|10-15-2011, 08:38 PM||#1 (permalink)|
Join Date: Sep 2011
I've lurked for a while, figured it was time to post something.
As for who I am, I guess that's kind of a mystery right now, even to me. I've suffered from moderate to severe depression / social anxiety / shyness since I was about 15 (I'm now in my early 30s); though I cover it well most of the time, it still gets in my way occasionally which can turn into a spiral every once in a while.
These days I'm mostly a skeptic agnostic, but at the same time, want to believe there's at least some purpose to being here. I was raised in a christian faith, but believe there's too much baggage in any organized judeo-christian faiths these days to be useful to me.
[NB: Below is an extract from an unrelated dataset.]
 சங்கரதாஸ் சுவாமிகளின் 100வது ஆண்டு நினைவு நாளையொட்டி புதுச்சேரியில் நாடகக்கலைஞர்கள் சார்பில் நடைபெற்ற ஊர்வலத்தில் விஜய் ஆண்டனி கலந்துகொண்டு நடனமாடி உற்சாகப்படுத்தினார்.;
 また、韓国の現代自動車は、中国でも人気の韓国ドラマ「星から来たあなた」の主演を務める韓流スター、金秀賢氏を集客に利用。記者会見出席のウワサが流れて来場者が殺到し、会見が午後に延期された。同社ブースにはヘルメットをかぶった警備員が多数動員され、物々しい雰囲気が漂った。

Bits of my life would probably be considered highly successful by most people, and even miraculous at times to me; I can't completely discount a subjective reality view or one where IM has some influence, but at the same time, I can't figure it out enough to overcome certain patterns in more interpersonal corners of my life that keep cropping up.
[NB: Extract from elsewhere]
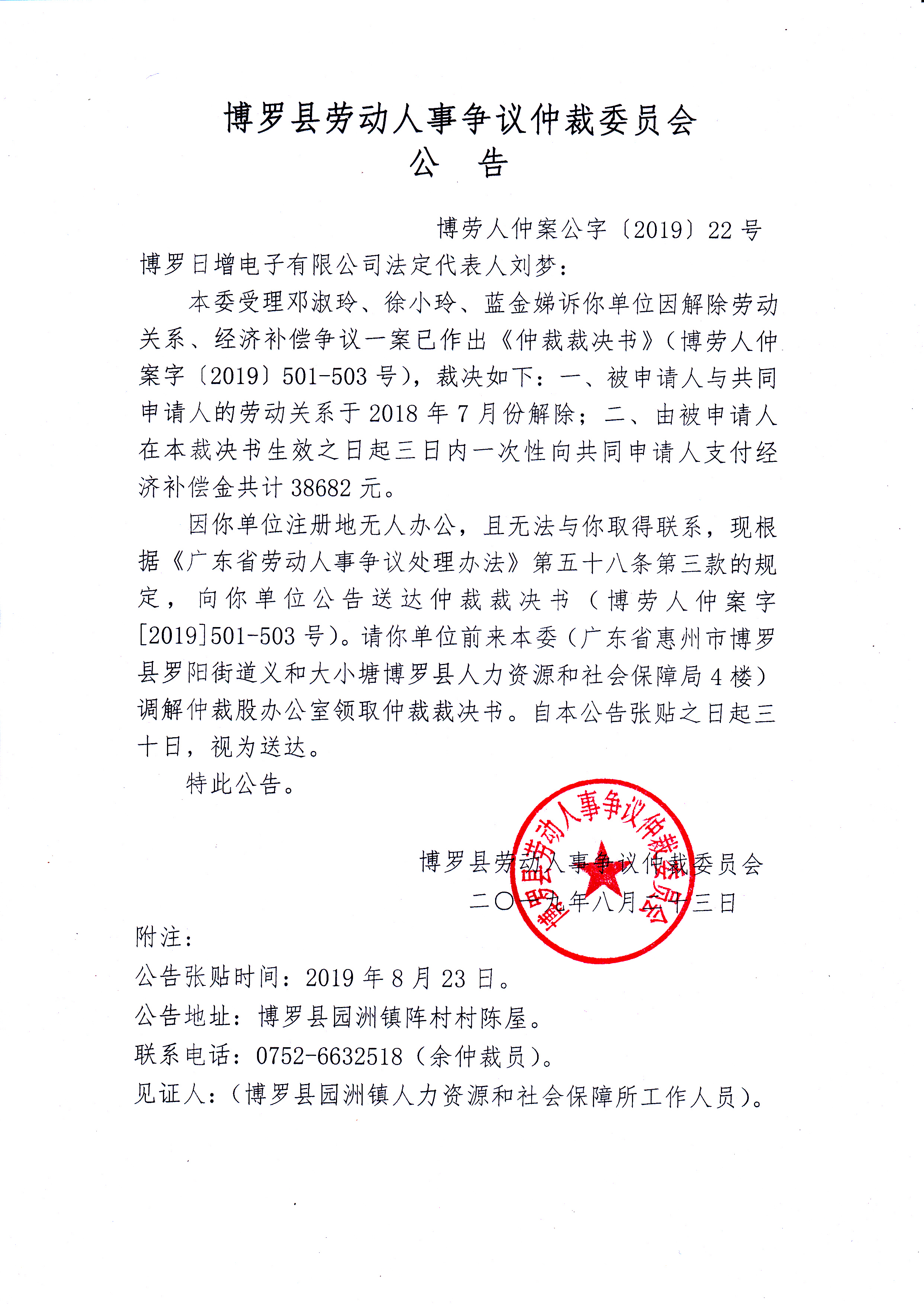 中文博彩平台劳动人事争议仲裁委员会公告(博劳人仲案公字[2019]22号)

I've had a few events in the last several years that have re-aggravated my depression, and simultaneously tried to make me try to find a better way instead of just accepting it, and I stumbled into here.
|10-16-2011, 09:10 AM||#2 (permalink)|
Join Date: Dec 2008
Location: Nationality: British Soul: Otherworldly Current Location: Barcelona, Spain
Hi and welcome! I think you'll find SP.com has some great resources for what you're looking for. If you want to dive into a particular issue, don't hesitate to start a thread, and you'll get lots of different perspectives you can think on.